__TASK REQUIREMENTS__:
Within the listing that follows, reproduce exactly the lines starting at the line with "New Lace Top" and ending at the line with "At the stand", inclusive, and only those. Pictures are dropped.

##### SUPPLIED INFORMATION #####

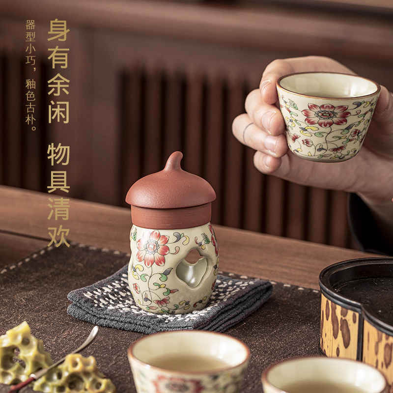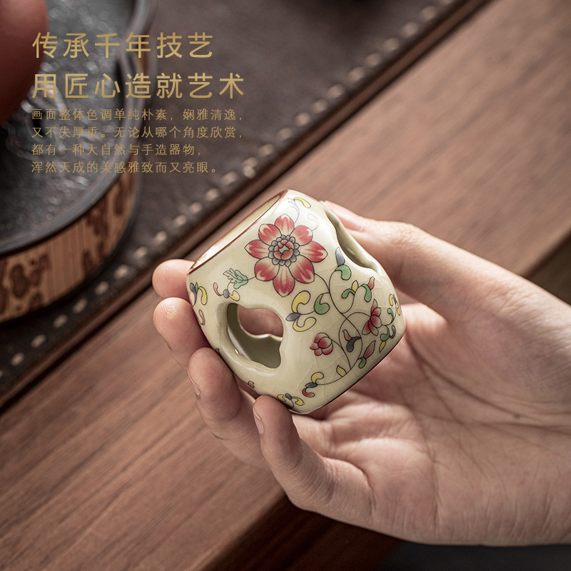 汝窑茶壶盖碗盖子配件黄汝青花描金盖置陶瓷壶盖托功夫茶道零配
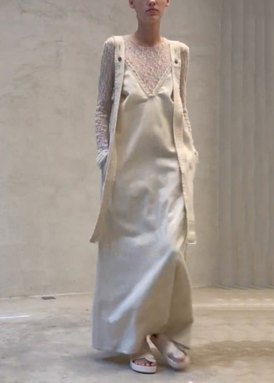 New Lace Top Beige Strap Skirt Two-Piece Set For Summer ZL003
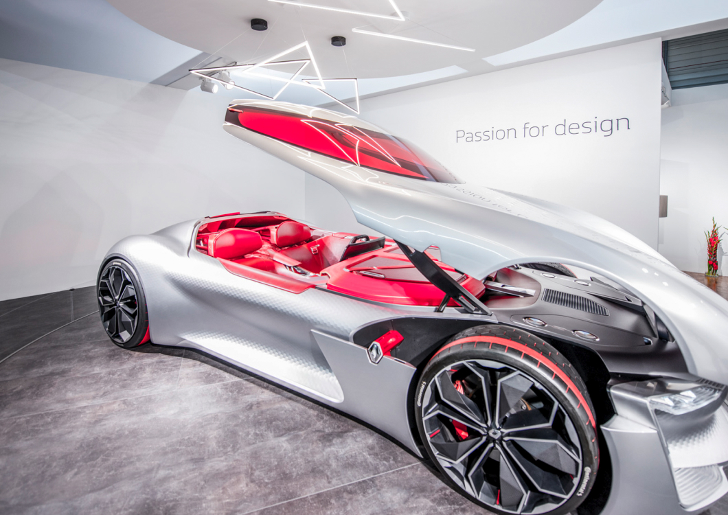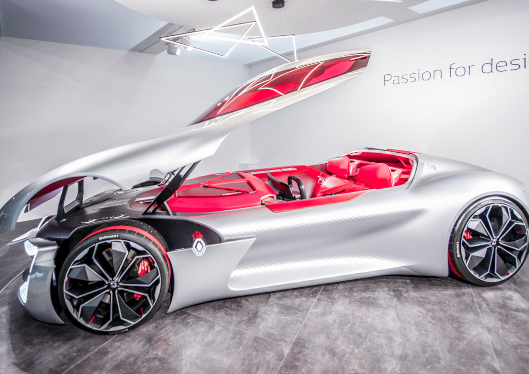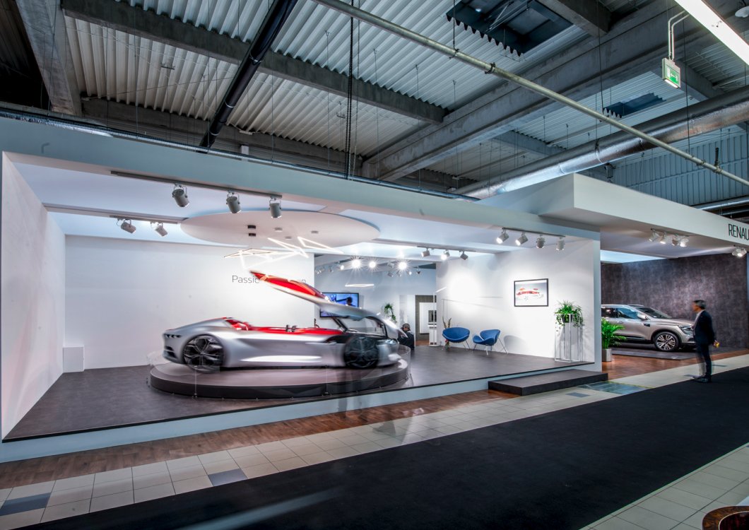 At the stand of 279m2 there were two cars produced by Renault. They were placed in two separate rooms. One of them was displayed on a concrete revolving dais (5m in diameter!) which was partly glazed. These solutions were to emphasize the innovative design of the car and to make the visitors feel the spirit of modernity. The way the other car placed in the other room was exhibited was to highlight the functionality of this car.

#####
##### SUPPLIED INFORMATION #####

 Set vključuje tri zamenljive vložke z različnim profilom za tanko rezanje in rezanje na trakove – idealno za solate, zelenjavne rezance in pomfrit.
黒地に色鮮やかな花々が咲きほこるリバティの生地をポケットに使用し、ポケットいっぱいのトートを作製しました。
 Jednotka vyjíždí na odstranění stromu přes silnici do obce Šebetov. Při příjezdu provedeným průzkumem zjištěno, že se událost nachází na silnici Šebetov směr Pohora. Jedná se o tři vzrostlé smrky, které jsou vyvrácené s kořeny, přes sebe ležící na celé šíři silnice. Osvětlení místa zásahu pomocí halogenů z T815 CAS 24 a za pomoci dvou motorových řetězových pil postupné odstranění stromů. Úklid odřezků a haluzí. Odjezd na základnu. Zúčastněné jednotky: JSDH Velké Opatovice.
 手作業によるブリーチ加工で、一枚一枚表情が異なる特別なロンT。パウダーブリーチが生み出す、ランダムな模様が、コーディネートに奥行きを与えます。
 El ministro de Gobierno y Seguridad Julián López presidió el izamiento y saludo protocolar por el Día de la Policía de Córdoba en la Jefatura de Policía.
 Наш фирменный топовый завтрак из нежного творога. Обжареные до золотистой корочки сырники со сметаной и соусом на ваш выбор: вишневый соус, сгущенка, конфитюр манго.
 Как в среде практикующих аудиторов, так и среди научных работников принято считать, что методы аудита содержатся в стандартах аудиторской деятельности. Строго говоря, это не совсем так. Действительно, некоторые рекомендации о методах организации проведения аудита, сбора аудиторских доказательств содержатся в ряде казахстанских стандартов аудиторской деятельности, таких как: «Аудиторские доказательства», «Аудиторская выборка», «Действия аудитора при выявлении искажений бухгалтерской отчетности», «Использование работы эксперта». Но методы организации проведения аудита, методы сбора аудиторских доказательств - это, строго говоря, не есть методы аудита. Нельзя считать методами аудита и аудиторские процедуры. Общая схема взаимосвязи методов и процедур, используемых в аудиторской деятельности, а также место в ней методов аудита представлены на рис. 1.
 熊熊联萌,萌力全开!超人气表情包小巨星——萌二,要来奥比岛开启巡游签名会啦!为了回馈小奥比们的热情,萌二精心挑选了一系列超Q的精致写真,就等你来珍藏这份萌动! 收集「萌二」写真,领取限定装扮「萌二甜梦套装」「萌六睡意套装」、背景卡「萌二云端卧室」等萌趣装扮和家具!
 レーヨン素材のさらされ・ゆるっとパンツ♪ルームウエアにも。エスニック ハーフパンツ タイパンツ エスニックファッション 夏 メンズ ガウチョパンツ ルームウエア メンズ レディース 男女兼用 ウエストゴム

#####

__SOLUTION TO THIS TASK__:
 New Lace Top Beige Strap Skirt Two-Piece Set For Summer ZL003
 At the stand of 279m2 there were two cars produced by Renault. They were placed in two separate rooms. One of them was displayed on a concrete revolving dais (5m in diameter!) which was partly glazed. These solutions were to emphasize the innovative design of the car and to make the visitors feel the spirit of modernity. The way the other car placed in the other room was exhibited was to highlight the functionality of this car.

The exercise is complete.